Tout en ne renonçant pas à la scène, l'artiste s'apprête à endosser un nouveau rôle en devenant en 2023, directrice de cet Opéra et ainsi, la première femme à prendre la tête de l'institution.

"Mon désir [à l'origine], c'était de faire de la musique avec d'autres musiciens," confie Cecilia Bartoli. "J'ai commencé avec le piano, j'ai un peu étudié la trompette et puis, le chant," précise-t-elle. "Mais devenir directrice, je ne l'aurais jamais imaginé, c'est une surprise même pour moi," reconnaît-elle.

Pour celui auquel elle succédera à la direction de l'Opéra de Monte-Carlo, Jean-Louis Grinda, "Cecilia Bartoli est une légende. On nomme une femme extraordinairement compétente, une artiste qui a marqué l'histoire de l'art lyrique," souligne-t-il.

"Cecilia remet cent fois l'ouvrage sur le métier"

Jean-Louis Grinda renchérit : "Je suis persuadé que les théâtres d'opéra doivent être dirigés par des artistes. Ils comprennent bien les enjeux de tout ce qui peut se passer dans un théâtre et ils savent prendre des risques," estime-t-il.

Metteur en scène, Moshe Leiser confie son admiration pour Cecilia Bartoli : "Cecilia est quelqu'un qui remet cent fois l'ouvrage sur le métier," dit-il.

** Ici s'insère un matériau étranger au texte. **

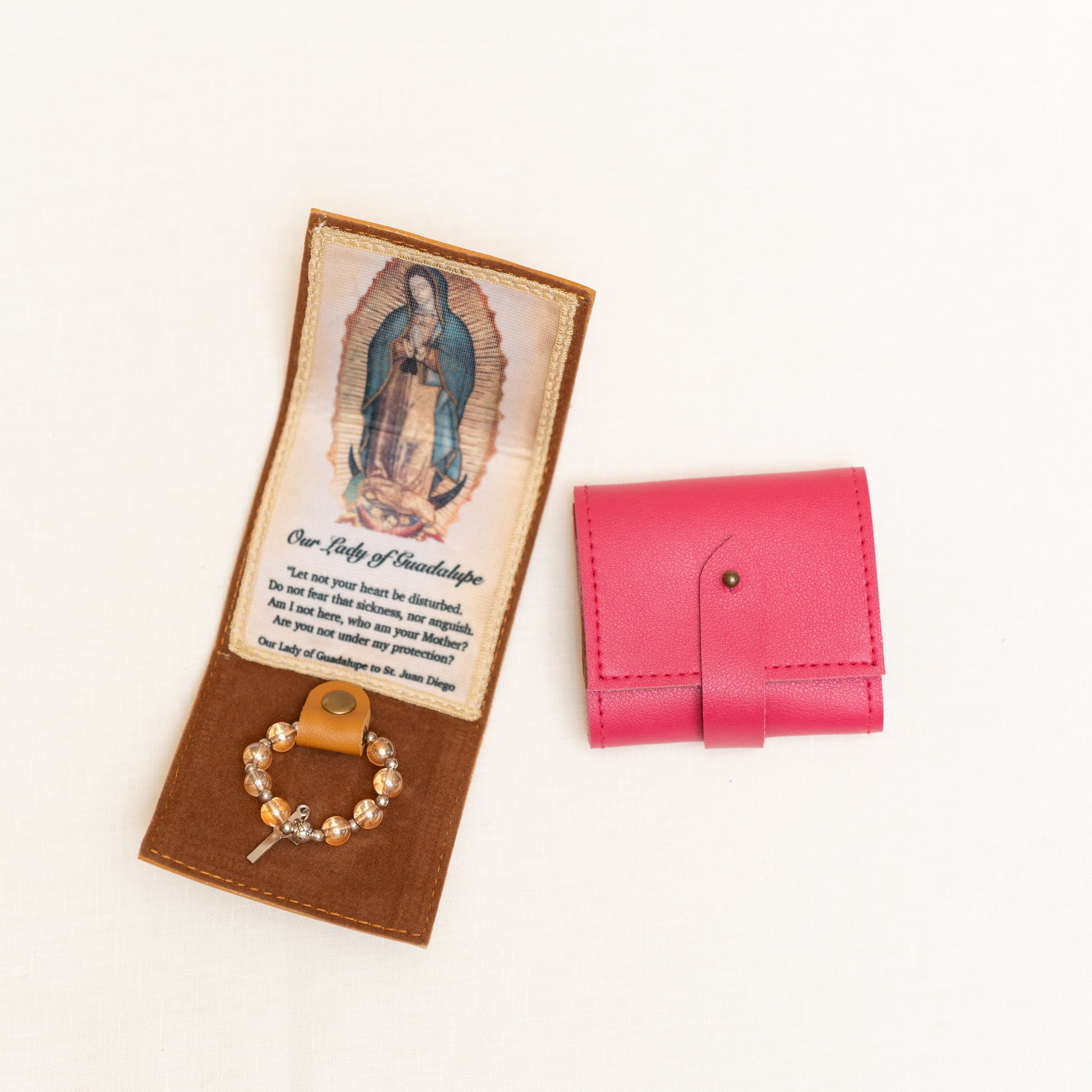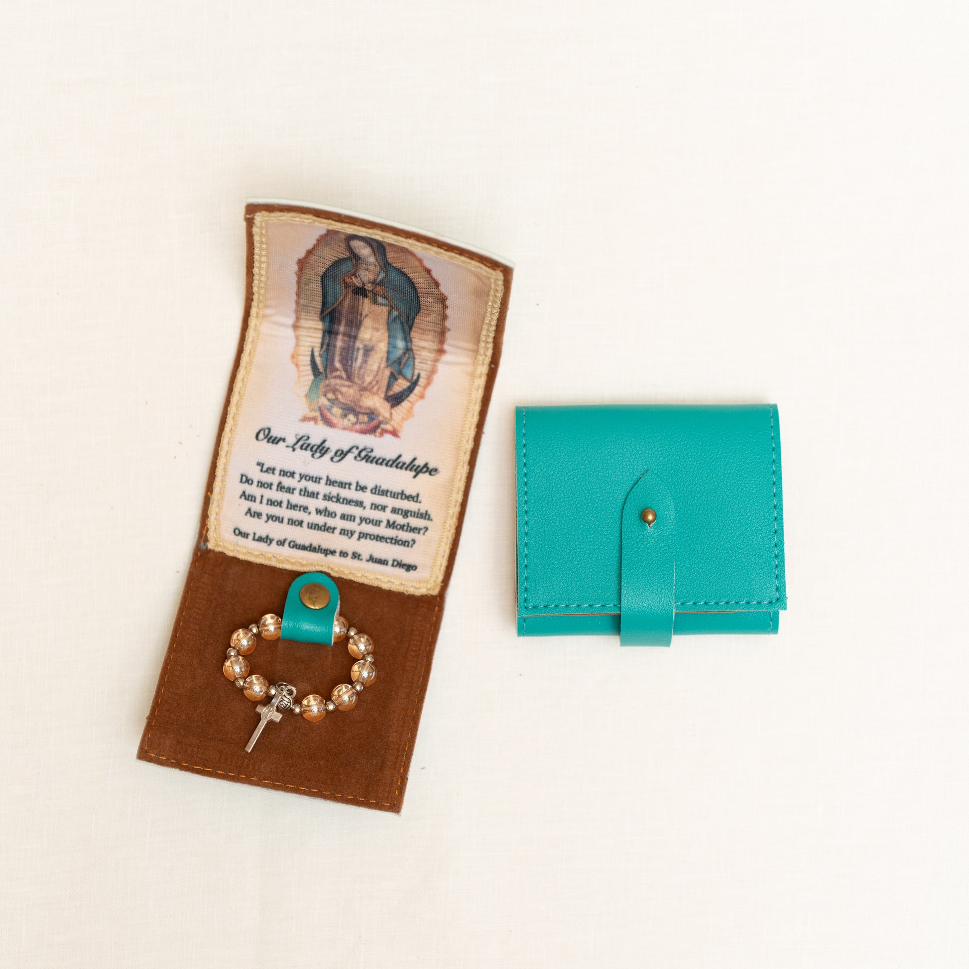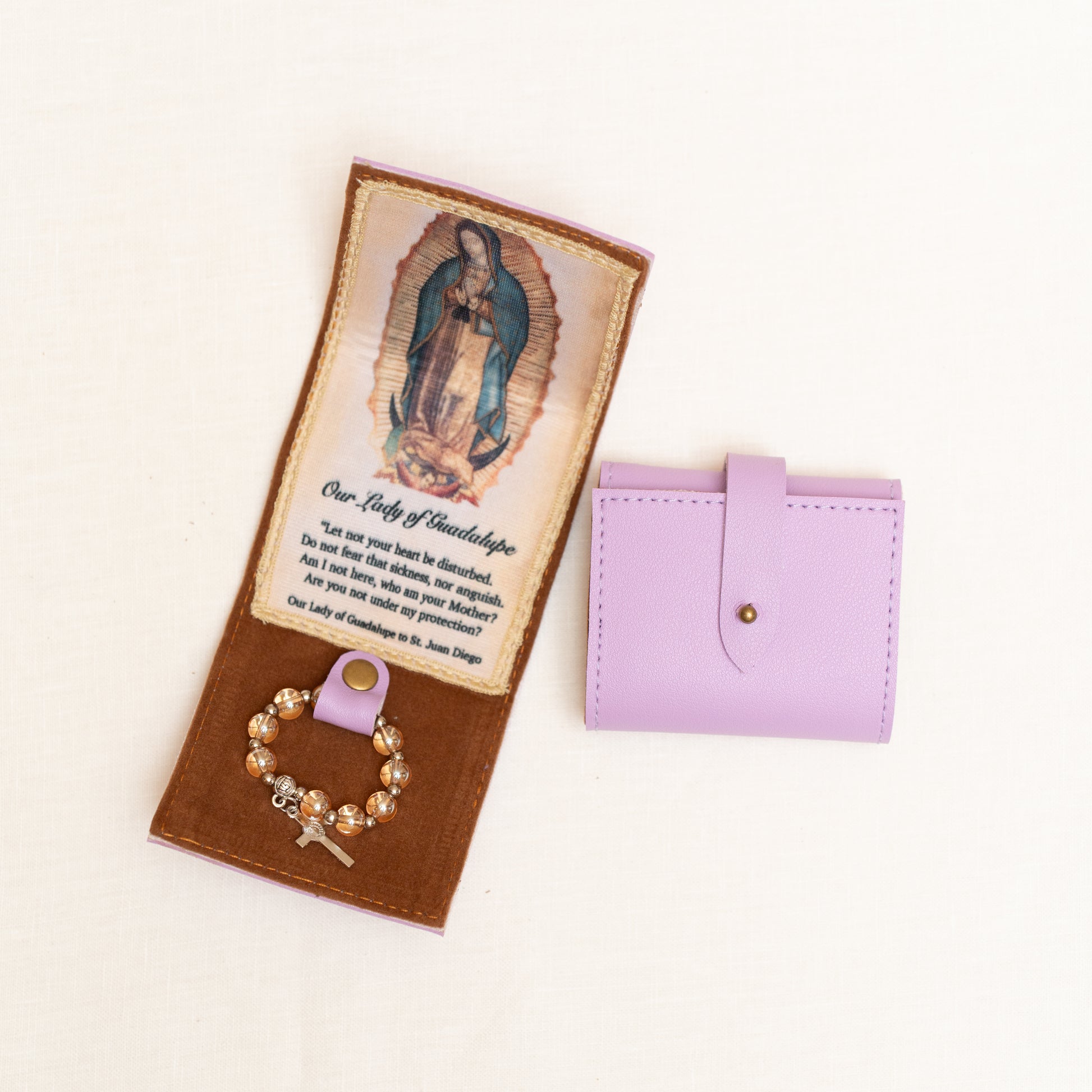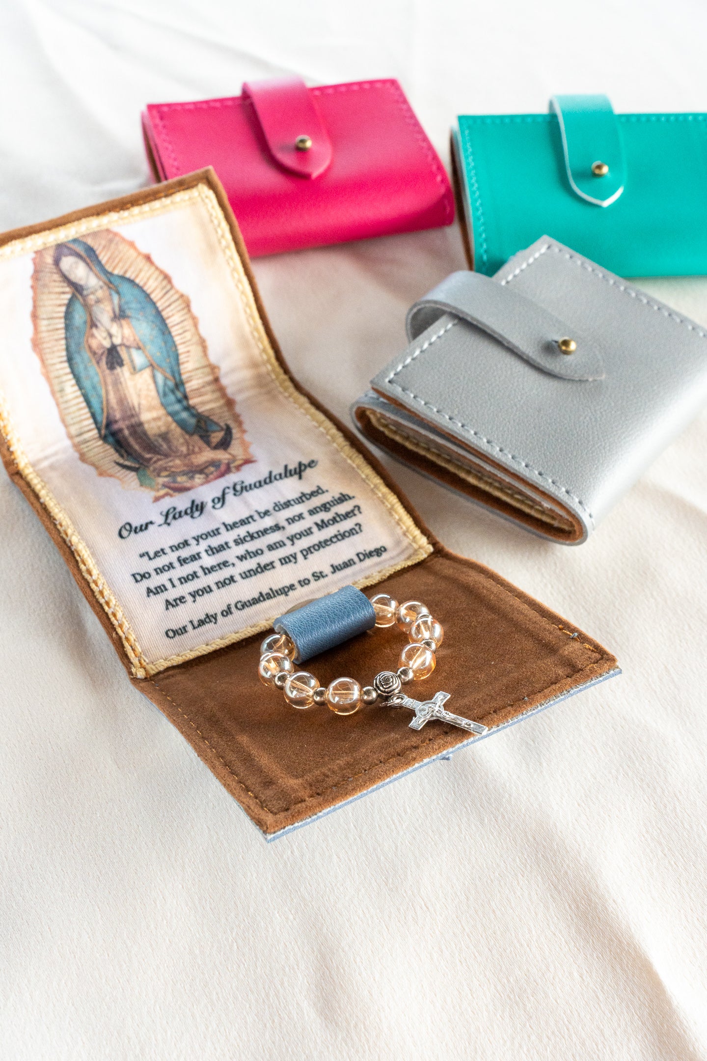 Keep Mama Mary always close to you with this beautiful synthetic leather purse with a small tilma and a ring rosary. Available in Magenta, Copper, OLG Teal, Gray and Dusty Blue.

Patrice Caurier, son associé, poursuit : "Elle a cette passion pour le théâtre, la scène et [cette manière] de dédier toute son énergie à ce qu'elle fait."

"Une porte peut s'ouvrir vers le monde baroque, mais aussi mozartien"

La nouvelle maison artistique de Cecilia Bartoli est un autre bijou du célèbre architecte Charles Garnier. "La salle Garnier est un lieu magique à l'acoustique incroyable," estime-t-elle.

"Tous les plus grands chanteurs du passé et du présent y sont montés sur scène," rappelle-t-elle. "On peut penser à Enrico Caruso, Beniamino Gigli, Renata Tebaldi.... C'est l'histoire de ce théâtre, c'est important," insiste-t-elle.

"J'aimerais inviter des artistes qui n'ont jamais eu la chance de s'y produire, à venir y chanter," affirme-t-elle avant d'ajouter dans un sourire : "Il y a aussi une porte qui peut s'ouvrir vers le monde baroque, mais aussi mozartien."

"J'espère continuer avec beaucoup d'énergie et d'amour parce que finalement, c'est une question d'amour aussi," fait-elle remarquer enfin.

L'Opéra de Monte-Carlo est actuellement, l'un des rares au monde à maintenir ses représentations en public.